**Work request:** Look in the listing below for the line that has "10月17日,开云kaiyu", then return it and each following line up to and including the one with "ヒステリックグラマーのデニム", exactly and without pictures.

**Material for this task:**

★ ★ ★ ★

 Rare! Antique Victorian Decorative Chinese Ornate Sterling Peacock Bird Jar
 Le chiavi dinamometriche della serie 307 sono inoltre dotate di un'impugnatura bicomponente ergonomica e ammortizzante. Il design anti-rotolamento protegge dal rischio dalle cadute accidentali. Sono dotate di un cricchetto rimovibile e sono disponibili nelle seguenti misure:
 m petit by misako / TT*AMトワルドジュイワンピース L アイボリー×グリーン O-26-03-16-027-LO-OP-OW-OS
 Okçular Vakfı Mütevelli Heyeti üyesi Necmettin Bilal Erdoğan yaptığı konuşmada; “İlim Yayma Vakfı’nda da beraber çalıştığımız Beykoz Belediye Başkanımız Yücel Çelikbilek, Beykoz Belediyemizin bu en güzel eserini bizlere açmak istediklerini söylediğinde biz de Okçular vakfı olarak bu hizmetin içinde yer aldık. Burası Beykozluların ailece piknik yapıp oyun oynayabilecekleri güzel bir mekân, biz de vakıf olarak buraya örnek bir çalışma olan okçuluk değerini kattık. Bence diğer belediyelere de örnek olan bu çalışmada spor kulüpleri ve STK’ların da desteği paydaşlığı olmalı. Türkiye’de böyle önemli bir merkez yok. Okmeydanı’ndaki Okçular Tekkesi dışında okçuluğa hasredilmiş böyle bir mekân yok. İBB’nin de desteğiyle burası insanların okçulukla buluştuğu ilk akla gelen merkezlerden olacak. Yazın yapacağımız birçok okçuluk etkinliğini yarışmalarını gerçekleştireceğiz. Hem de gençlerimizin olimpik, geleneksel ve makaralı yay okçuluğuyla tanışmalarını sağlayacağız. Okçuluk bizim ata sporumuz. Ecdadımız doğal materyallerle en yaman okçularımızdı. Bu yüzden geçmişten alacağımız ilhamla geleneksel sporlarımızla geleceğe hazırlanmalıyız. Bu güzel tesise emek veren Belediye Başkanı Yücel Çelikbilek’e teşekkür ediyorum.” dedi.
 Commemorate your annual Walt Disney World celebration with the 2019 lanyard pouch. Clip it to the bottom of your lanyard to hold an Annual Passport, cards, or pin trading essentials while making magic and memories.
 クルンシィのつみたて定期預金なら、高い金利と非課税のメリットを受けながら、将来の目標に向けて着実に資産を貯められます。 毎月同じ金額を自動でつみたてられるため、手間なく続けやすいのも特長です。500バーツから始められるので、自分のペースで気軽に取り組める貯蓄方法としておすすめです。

★ ★ ★ ★

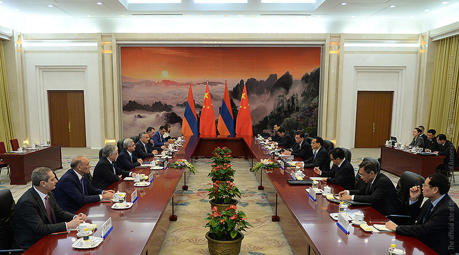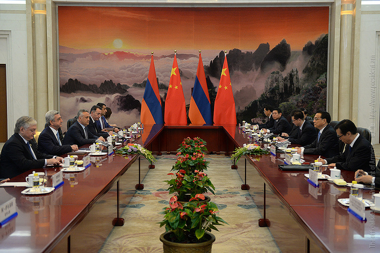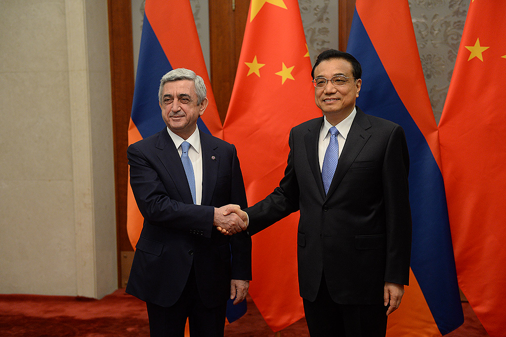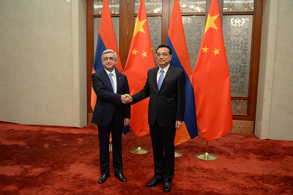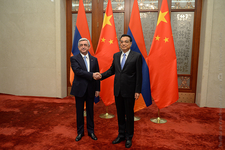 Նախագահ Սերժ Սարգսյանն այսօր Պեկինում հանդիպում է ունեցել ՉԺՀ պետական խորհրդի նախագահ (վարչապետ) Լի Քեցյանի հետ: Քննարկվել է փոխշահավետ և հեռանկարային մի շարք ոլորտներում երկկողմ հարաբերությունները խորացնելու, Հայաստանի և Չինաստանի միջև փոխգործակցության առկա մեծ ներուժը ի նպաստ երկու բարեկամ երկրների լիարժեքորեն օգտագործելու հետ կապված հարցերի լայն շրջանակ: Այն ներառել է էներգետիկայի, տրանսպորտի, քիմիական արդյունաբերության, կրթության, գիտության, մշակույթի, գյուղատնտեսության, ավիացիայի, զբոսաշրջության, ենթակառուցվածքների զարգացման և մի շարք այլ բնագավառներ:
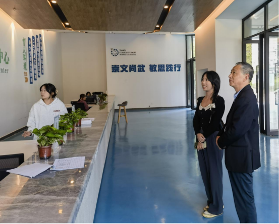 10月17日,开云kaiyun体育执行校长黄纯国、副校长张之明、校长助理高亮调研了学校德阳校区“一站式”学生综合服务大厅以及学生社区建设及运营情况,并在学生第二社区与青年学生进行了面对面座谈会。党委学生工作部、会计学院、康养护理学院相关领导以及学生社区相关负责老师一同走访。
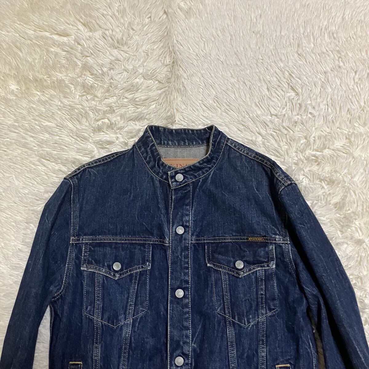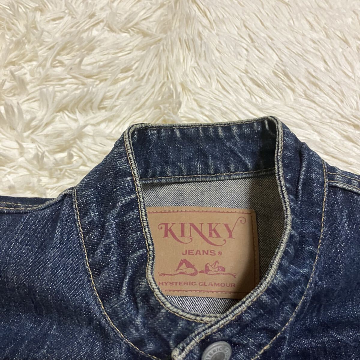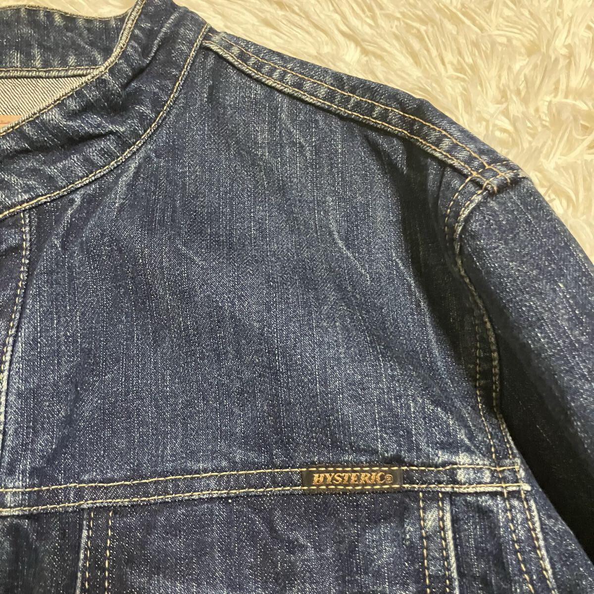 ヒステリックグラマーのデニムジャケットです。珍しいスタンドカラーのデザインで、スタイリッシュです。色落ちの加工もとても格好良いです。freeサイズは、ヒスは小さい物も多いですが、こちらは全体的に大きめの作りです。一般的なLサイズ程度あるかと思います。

★ ★ ★ ★

**Reply to the task:**
 10月17日,开云kaiyun体育执行校长黄纯国、副校长张之明、校长助理高亮调研了学校德阳校区“一站式”学生综合服务大厅以及学生社区建设及运营情况,并在学生第二社区与青年学生进行了面对面座谈会。党委学生工作部、会计学院、康养护理学院相关领导以及学生社区相关负责老师一同走访。
 ヒステリックグラマーのデニムジャケットです。珍しいスタンドカラーのデザインで、スタイリッシュです。色落ちの加工もとても格好良いです。freeサイズは、ヒスは小さい物も多いですが、こちらは全体的に大きめの作りです。一般的なLサイズ程度あるかと思います。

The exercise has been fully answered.